In response to the 2008 financial crisis, global economic officials kicked the can down the road in hopes improved economic output would paper over cracks created by many years of irresponsible lending. That hasn't happened, and Brexit has only accelerated the inevitable reckoning.

Blockbuster Jobs Report

Giving investors a respite from the doom and gloom was Friday's stellar U.S. employment situation report. After seeing non-farm payrolls increase by just 11,000 in May, the U.S. economy created 287,000 jobs in June (versus consensus estimates of 180,000). It was the strongest jobs number relative to expectations since December 2009 and the largest month-to-month jump in job creation ever (owing in part to the Verizon workers strike, which began in May and ended in June, eliminating and subsequently returning around 35,000 jobs to the labor force).
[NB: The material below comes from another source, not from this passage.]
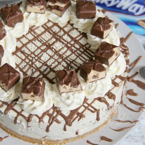 A Buttery Digestive Base, Vanilla Cheesecake with Milky Way Pieces Running Through, and even more Deliciousness on top… The perfect Milky Way Cheesecake! I was searching for Milky Way recipes on Pinterest and got seriously confused.. I had no idea that Milky Way bars in the UK were different to America! America’s Milky Way bars…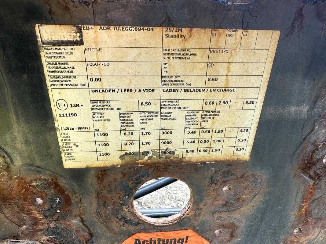 Fabrikat: KRONE, Typ: SD-DA08CLSA, Baujahr: 2014, WKESD000000607700, EZ 02/14, zulässiges Gesamtgewicht 40.000 kg, letzte HU 03/23_SP 09/23

The wild swing reinforces the fact it's important to focus on employment trends rather than individual data points. Averaging the May and June totals, the U.S. economy created 149,000 per month, closer to the 2016 average of 175,000. While representing a downshift from the 200,000-per-month average from the last six years, the figure is hardly a harbinger of recession.

Digging further into the report, the unemployment rate ticked up to 4.9% thanks to an increase in labor force participation. The U-6 unemployment rate, which counts discouraged and reluctant part-time workers, fell from from 9.7% to 9.6%, its lowest reading since April 2008. Slow wage growth has tempered enthusiasm over strong employment gains over the last six years, but in June wages grew 2.6% year-over-year, the largest increase since the financial crisis. The tightening job market is leading to larger pay increases for workers switching jobs, just one indicator that has economists seeing stronger wage growth just around the corner.

Had the U.K. voted to remain in the E.U., such a strong report would have likely caused stocks to sell-off in anticipation of Federal Reserve tightening. But with post-Brexit turmoil in global markets eliminating basically any expectation of a Fed rate hike in 2016, a blockbuster report was the goldilocks scenario for risk assets this time around. The S&P 500 responded in kind, rallying sharply Friday to close the week just below all-time highs.

Even U.S. Treasuries participated in the rally as investors flocked toward the safe-haven of an insulated American economy. Yield on the the U.S. 10-year note finished the week at an all-time low of 1.3579%. Meanwhile, Japan's 20-year bond yield entered negative territory for the first time. It all goes to show there is no such thing as impossible in markets anymore.

The stock market is so far ignoring a flattening yield curve, typically one of the most reliable indicators of a looming economic slowdown. Morgan Stanley and Deutsche Bank believe a recession is on the horizon, but in our analysis, the rapid decline in U.S. Treasury yields says more about the pitiful prospects for rest of the developed world than it does about the U.S. economy.

E.U. Cities Court London Jobs

French politicians have finally rallied around a common cause, and we're not talking about the national football team's run to the finals of Euro 2016. Seeing an opening from the Brexit, a bi-partisan coalition of government and corporate officials have joined forces in a bid to woo finance jobs from London. And they're not alone. The German government is erecting billboards in London promoting Berlin as a destination for entrepreneurship. Dublin is finalizing an advertising assault on London business executives. Milan thinks European banking regulators would look good in Dolce & Gabbana.

JP Morgan, Goldman Sachs, Bank of America Merrill Lynch and Morgan Stanley gave London a half-hearted vote of confidence on Thursday after a meeting with the U.K. Treasury. The banks, along with Citigroup, signed a statement letter saying they would try to maintain support for the city's financial sector, but there was no firm commitment on keeping jobs in the British capitol. There's a big difference between a promise ring and a wedding band, and Jamie Dimon seems to be pinning his hopes on the U.K. having second thoughts about its divorce from the E.U.